Board member attendance until 30 September 2021 can be located in our Annual Report 2021.
What the Board and Committees achieved in FY21
The Board met throughout FY21 with an agreed agenda in advance of each meeting. Each Board meeting has standing agenda items such as financial update on performance.
The Company Secretary provides Board papers in advance of each meeting and ensures that Board feedback on such documentation is fed back to management for improvement. The Company Secretary provides minutes of each meeting. The Board continues to work closely with its AIM Nominated Adviser, Numis, to ensure compliance with AIM best practices.
Topic | Specific actions undertaken |
Leadership and effectiveness | ● Approved the appointment of Yngve Myhre as a member of the Audit Committee following Hugo Wahnish’ s retirement from the Board.
● Performed an internal evaluation of the Board and its committees and agreed on the actions. |
Legal, compliance and governance | ● Approved the FY21 Annual Report and Accounts and interim results.

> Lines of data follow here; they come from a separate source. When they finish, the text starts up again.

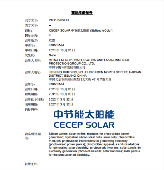Good News! Successful Registration of the "CECEP SOLAR" Trademark in the EU and Japan! |
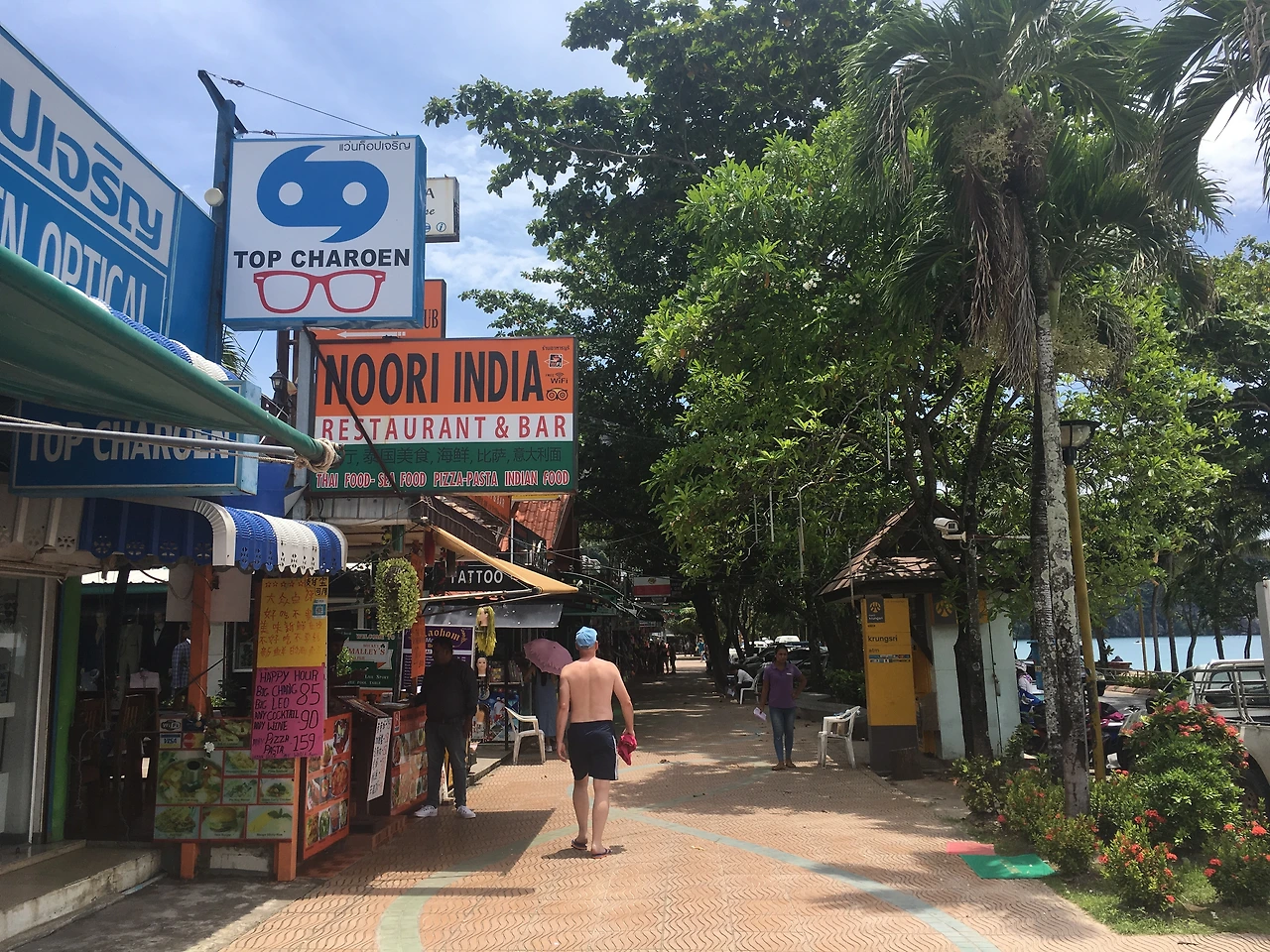 그런데 크라비에 도착 이후 매우 놀란 점은, 해변가에 인디안 레스토랑이 매우 많다는 점이었다. 보통 태국음식과 인도음식을 함께 판매한다. 인디안 레스토랑이 많아서인지 남아시아계로 추정되는 관광객들도 매우 많이 보인다. 일행 중 인도인이 있던 우리는 사진 속의 누리 인디아에 몇번 갔는데 서빙하는 분은 인도계 미얀마인이라고 하였다. 인도 사람들의 방문이 많아 무슬림의 할랄푸드, 유대교의 코셔푸드처럼 자이나교를 위한 음식, 채식주의자를 위한 음식들도 준비되어 있다고 했다. 또한 메뉴판에는 정통 인도음식뿐 아니라 중국식 인도음식도 준비되어있었다. '미국식 중국음식'은 많이 들어봤어도 '중국식 인도음식'은 신선한 경험이었다.
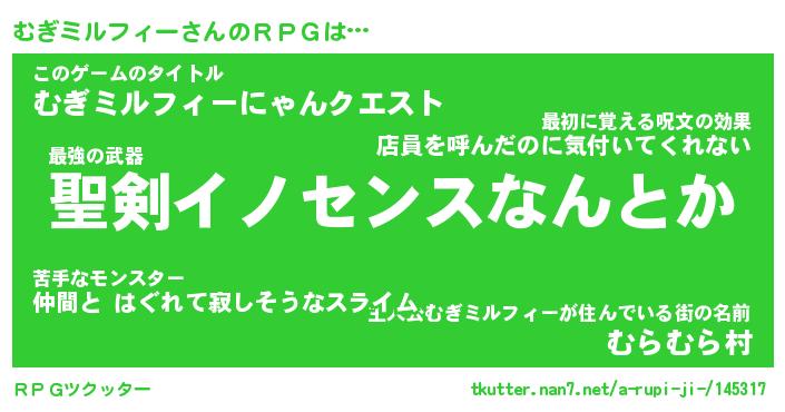 | 伝説のあだ名 | 『伝説のスナイパーむぎミルフィー』 |

● Received regular legal, IP and compliance updates from the Group Legal Counsel and Company Secretary. ● Continued to review the conflict of interest and other significant principal activities of the Directors of the Group, monitoring changes and developments. |
Business development and strategy | ● Received ongoing updates throughout the year from the CEO and business area heads on the implementation of the Group’s strategy.

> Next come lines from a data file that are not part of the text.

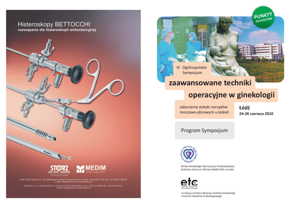 KTYE PUN KACYJN EDU III Ogólnopolskie Sympozjum zaawansowane techniki operacyjne w ginekologii zaburzenia statyki narządów moczowo-płciowych u kobiet Program Sympozjum Klinika Ginekologii Operacyjnej I Endoskopowej Instytutu Centrum Zdrowia Matki Polki w Łodzi Fundacja na Rzecz Rozwoju Łódzkiej Ginekologii Centrum Szkolenia Endoskopowego Łódź 24-26 czerwca 2010 Mapa Łodzi Sponsor Główny GDAŃSK POZNAŃ WARSZAWA ŁOWICZ POZNAŃ Sponsor Platynowy B WARSZAWA RAWA MAZOWIECKA H8 H5 LUBLIN RADOM H1 H6 KALISZ H4 H2 H7 LEGENDA: H1 H2 H3 H3 WROCŁAW Sponsor Złoty H4 H5 KATOWICE KRAKÓW H6 H7 H8 B Plan sytuacyjny budynku położniczo-ginekologicznego ICZMP Sponsor Srebrny VIP VIP SALA A SALA B HOL GŁÓWNY SZATNIA BIURO AULA Sponsor Brązowy ICZMP ul. Rzgowska 281/289 Grand ul. Piotrkowska 72 Ibis ul. Piłsudskiego 11 Ambasador ul. Kosynierów Gdyńskich 8 Qubus ul. Mickiewicza 7 Mazowiecki ul. Strzelców Kaniowskich 53/57 Fokus ul. Łąkowa 23/25 Campanile al. Piłsudskiego 27 Centrum ul. Kilińskiego 59/63 Pałac Biedermanna ul. Franciszkańska 1/5 WEJŚCIE SALA C Informacje o Łodzi Początki Łodzi sięgają XIII wieku, od XV w. Łódź posiada prawa miejskie. Historia przebiegała z okresami wzlotów i upadków, od okresu zaborów, gdzie były nawet plany pozbawienia Łodzi praw miejskich do czasów eksplozji ekonomicznej, demograficznej i kulturowej miasta „ziemi obiecanej”. Niecałe sto lat uczyniło z Łodzi potężny ośrodek przemysłowy, wielokulturowy i naukowy. Świetność miasta przypada na koniec XIX wieku. Fabryki, budowle sakralne, pałace, kamienice i domy robotnicze są pamiątkami czasów i przemiany miasta. W Łodzi jest największy w Polsce zespół dziewiętnastowiecznej architektury. Znajdziemy wśród nich wybitne przykłady secesji. Wielkie, budowane z cegły przędzalnie i tkalnie to charakterystyczne motywy łódzkiej architektury. Główną ulicą, a zarazem wizytówką Łodzi była i jest Piotrkowska, dawny trakt z Łęczycy do Piotrkowa Trybunalskiego, jedna z najdłuższych, ale i najpiękniejszych ulic w Polsce. Łódź to także miasto, w którym liczne imprezy kulturalne wzajemnie przeplatają się, a otwarty charakter festiwali i spotkań artystycznych oddaje wielokulturową historię miasta. Ze względu na odbywające się targi interesująca jest też dla przedstawicieli biznesu. Łódź jest uznanym i silnym ośrodkiem naukowym i akademickim. Warto skorzystać z bogatej oferty restauracji i kafejek oraz znanych w całej Polsce klubów. Kuchnia i trunki w nich serwowane mogą zadowolić najbardziej wybrednych smakoszy, a tętniące całą noc miasto na długo pozostaje w pamięci. Telefony / phone numbers Numer kierunkowy - Łódź / Direct number - Łódź: +48 42 Centrum Informacji Turystycznej / Tourist Information Centre - 638 59 55, 638 59 56 Centrum Informacji Kulturalnej / Cultural Information Centre - 633 92 21 Informacja Lotnicza LOT / Airline Information - 0 801 300 952 Informacja MPK / City Bus & Tram Information - 672 11 12 Informacja PKS / Long-Distance Bus Information - 631 97 06, 93 16 Informacja Kolejowa PKP-Łódź Kaliska / Train Information Kaliska - 205 44 08 Informacja Kolejowa PKP-Łódź Fabryczna / Train Information Fabryczna - 205 59 39 Pogotowie Ratunkowe / Ambulance - 999 Policja / Police - 997 Straż Miejska / City Guard - 986 Straż Pożarna / Fire Brigade - 998 Biuro Numerów / Directory Enquires - 118 913 14 ZAAWANSOWANE TECHNIKI OPERACYJNE W GINEKOLOGII ZABURZENIA STATYKI NARZĄDÓW MOCZOWO-PŁCIOWYCH U KOBIET ŁÓDŹ 24-26 CZERWCA 2010 III Ogólnopolskie Sympozjum Zaawansowane techniki operacyjne w ginekologii Zaburzenia statyki narządów moczowo-płciowych u kobiet 24-26 czerwca 2010 Instytut Centrum Zdrowia Matki Polki Łódź Klinika Ginekologii Operacyjnej I Endoskopowej Instytutu Centrum Zdrowia Matki Polki w Łodzi Sekcja Ginekologii Operacyjnej Polskiego Towarzystwa Ginekologicznego Uniwersytet Medyczny w Łodzi Fundacja na Rzecz Rozwoju Łódzkiej Ginekologii Centrum Szkolenia Endoskopowego ZAAWANSOWANE TECHNIKI OPERACYJNE W GINEKOLOGII ZABURZENIA STATYKI NARZĄDÓW MOCZOWO-PŁCIOWYCH U KOBIET ŁÓDŹ 24-26 CZERWCA 2010 3 Szanowni Państwo, Drodzy Uczestnicy Sympozjum, Zaproszeni Goście W imieniu Komitetu Organizacyjnego mam zaszczyt powitać na Sympozjum - Zaawansowane techniki operacyjne w ginekologii zaburzenia statyki narządów moczowo-płciowych u kobiet. Już po raz trzeci mam przyjemność zaprosić Państwa do Łodzi, do Instytutu Centrum Zdrowia Matki Polki na Sympozjum „Zaawansowane Techniki Operacyjne w Ginekologii” - tym razem poświęcone operacjom w zaburzeniach statyki narządów moczowo-płciowych u kobiet. Podczas Sympozjum wybitni naukowcy i praktycy przybliżą wiele problemów związanych z operacjami pochwowymi i laparoskopowymi. Integralną częścią Sympozjum będą transmisje na żywo operacji laparoskopowych i pochwowych równocześnie z trzech sal operacyjnych oraz warsztaty operacyjne dotyczące technik szycia i wiązania w laparoskopii oraz technik pochwowych w leczeniu zaburzeń statyki narządów moczowo-płciowych. Przewodniczący Komitetu Organizacyjnego Prof. dr hab. med. Andrzej Malinowski Zaproszeni wykładowcy zagraniczni Revaz Botchorishvili - Clermont-Ferrand (Francja) Igor Gladczuk - Odessa (Ukraina) Mohamed Hefni - Benenden (Wielka Brytania) Jacek Kociszewski - Hagen (Niemcy) Aleksandr Popov - Moskwa (Rosja) Stefan Smajda - Bruksela (Belgia) Peter von Theobald - Caen (Francja) Tematyka sympozjum Przygotowanie pacjentki do operacji uroginekologicznej Operacje pochwowe w zaburzonej statyce narządów moczowo-płciowych Techniki laparoskopowe w zaburzonej statyce narządów moczowo-płciowych Kontrowersje w leczeniu nietrzymania moczu „Gorące”problemy w uroginekologii 4 ZAAWANSOWANE TECHNIKI OPERACYJNE W GINEKOLOGII ZABURZENIA STATYKI NARZĄDÓW MOCZOWO-PŁCIOWYCH U KOBIET ŁÓDŹ 24-26 CZERWCA 2010 Zakwaterowanie Rezerwacja i opłata noclegu pozostaje
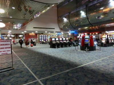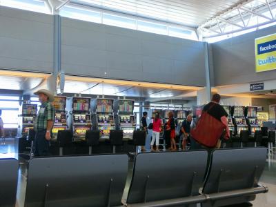 カジノで有名なラスベガスの空港なので、ターミナルの中にはスロットマシーンがいっぱいあります。
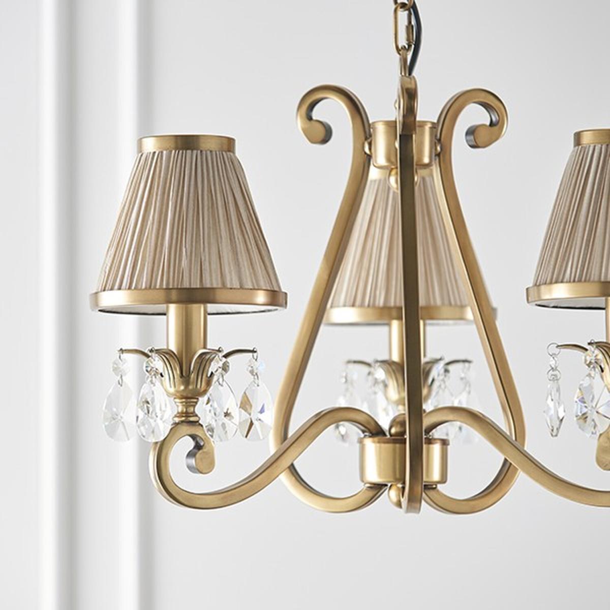 Oksana 3 Light Multi Arm Ceiling Pendant Chandelier Antique Brass, E14 - Antique Brass / 54cm
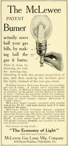 This is a small original 1905 black and white print ad for the McLewee Gas Lamp Manufacturing Company of 816 Drexel Building in Philadelphia, Pennsylvania. This ad features their McLewee Burner Light Bulbs.
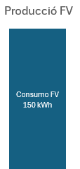 | Potència contractada: 5,75 kW Contracte subm. PVPC: 0,073 €/kWh Consum total: 400 kWh Producció FV: 150 kWh Excedents: 0 kWh |
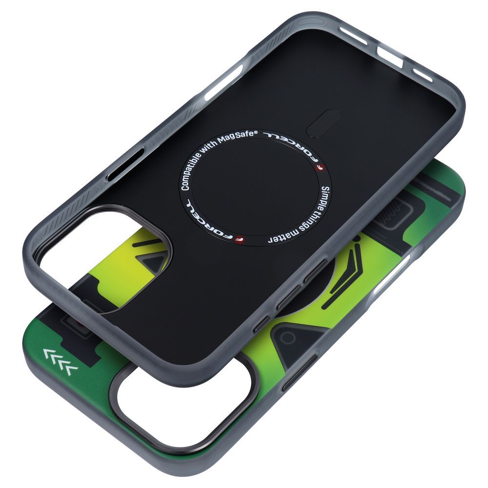 Pouzdro na iPhone 16 PLUS Forcell F-Protect Levels, dvojitá vrstva, technologie 4D, kompatibilní s Magsafe, vojenská odolnost proti pádům, barva: cyber green.

● Reviewed and approved the Group’s strategic priorities presented by the Executive Directors, the head of each business area, Group Head of People and Head of Investor Relations. ● Approved the new values which are in alignment with the strategic identity of the Group and driving change in culture across the Group. ● Reviewed and approved entry into the first customer agreement for the Group’s CleanTreat® system. ● Reviewed the Group’s new sustainability targets and overall ESG strategy which was presented by the Head of Investor Relations. ● Reviewed and discussed the Group’s IP strategy. |
During the year, the Company adopted a revised list of Board reserved matters to reflect the expanded remit of the Board under the Code (including the review of whistleblowing matters). Currently, whistleblowing is addressed through a direct line to a Non-Executive Director, with a review by the Board of any matters raising concern.
The Board considers that it has complied with the Code during the financial year covered by this Annual Report, except that:
• The Company’s new remuneration policy was adopted in November 2020 and applies to remuneration and awards made from November 2020 onwards. While the Company’s new remuneration policy has been introduced to ensure the Company’s compliance with the new Code requirements relating to Directors’ remuneration, there is one element of the Code’s recommendations which have not been fully reflected by the new remuneration policy: – the new remuneration policy includes a mandatory shareholding requirement which the Executive Directors will be required to achieve during their employment. For the time being the Company has not introduced a mandatory post-employment shareholding requirement, however there is a two-year holding period applicable from the date of vesting, which continues to apply to executive directors’ vested awards despite any termination of employment and will prevent the executive directors from immediately disposing of awarded shares which remain subject to this holding period post-employment.